Resiko dan hukuman alam ini dapat dialami secara fatal yakni menimbulkan kematian dan/atau hanya menimbulkan
kecelakaan seperti luka, patah, hilang beberapa organ tubuh dan dapat juga menimbulkan kelumpuhan serta mempengaruhi
gangguan kejiwaan (gila). Mereka sangat menyadari bahwa nilai-nilai tersebut merupakan warisan leluhur yang perlu
ditumbuh-kembangkan kembali agar menjadi penuntun moral dan pranata untuk mengatur masyarakat dalam menfaatkan
sumberdaya pesisir dan laut secara bertanggung jawab dan berkelanjutan. Kesadaran masyarakat dalam melestarikan sistem
kepercayaan yang berkaitan dengan pengelolaan sumberdaya pesisir dan laut, juga disebabkan oleh adanya kekewatiran akan
pudarnya atau hilangnya nilai-nilai sistem kepercayaan . Fenomena lainnya adalah dewasa ini di mana-mana terjadi perilaku
pemanfaatan sumberdaya pesisir dan laut cenderung bersifat destruktif dan tidak ramah lingkungan.

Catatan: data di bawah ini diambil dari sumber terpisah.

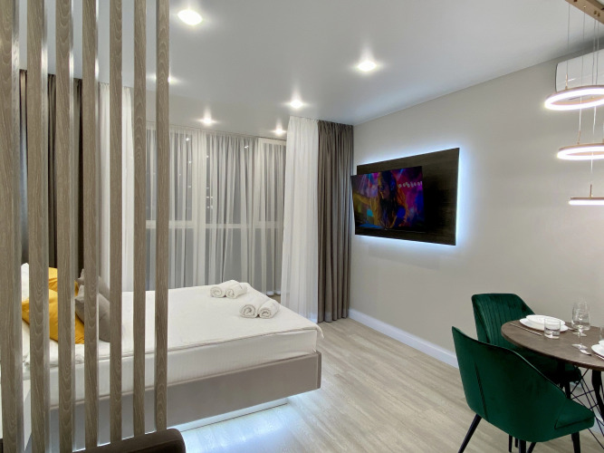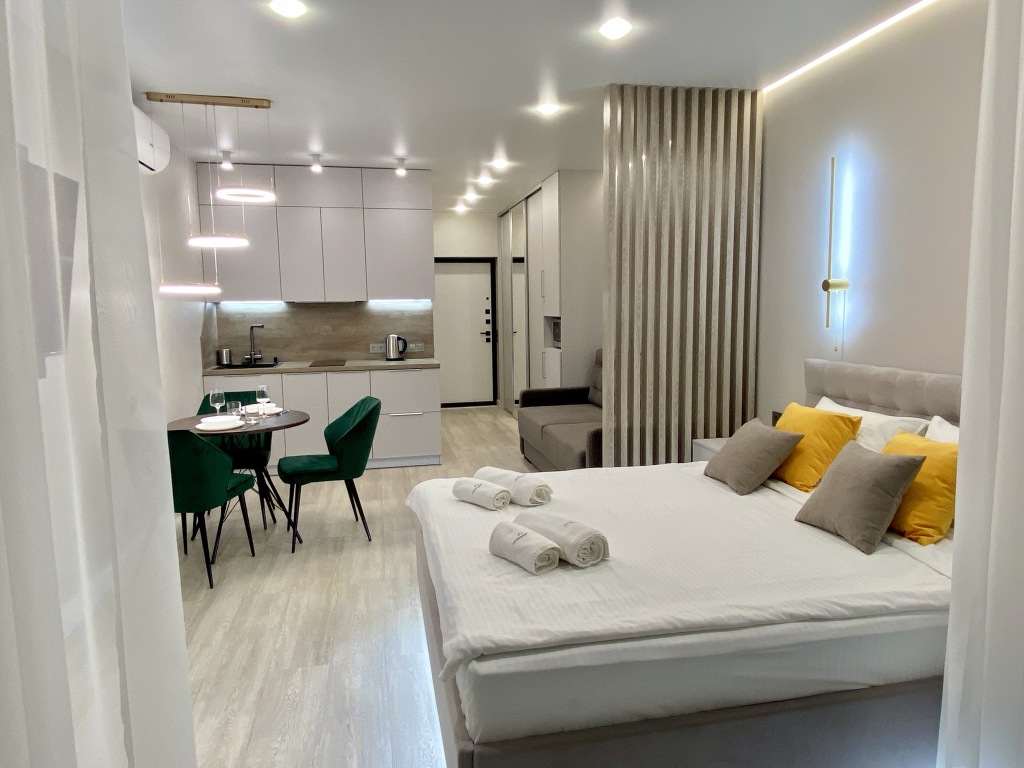 На территории работает бесплатный Wi-Fi. Уточняйте информацию сразу при заезде. Если вы путешествуете на машине, припарковаться можно будет на парковке рядом. Удобно для гостей с ограниченными возможностями: на верхние этажи гостей поднимает лифт. Сотрудники апартаментов поддержат беседу на английском и русском.

Selain itu masyarakat pesisir umumnya merasa pesimis dan meragukan implementasi hukum-hukum positif termasuk
aparat penegak hukum. Respons masyarakat terhadap hukum-hukum positif yang ada dan berlaku sangat rendah. Hal ini
disebabkan karena adanya kenyataan bahwa para pelaku perusakan lingkungan yang ditangkap, tidak jelas penyesaiannya dan
tidak membuat jera terhadap para pelaku pengrusak lingkungan.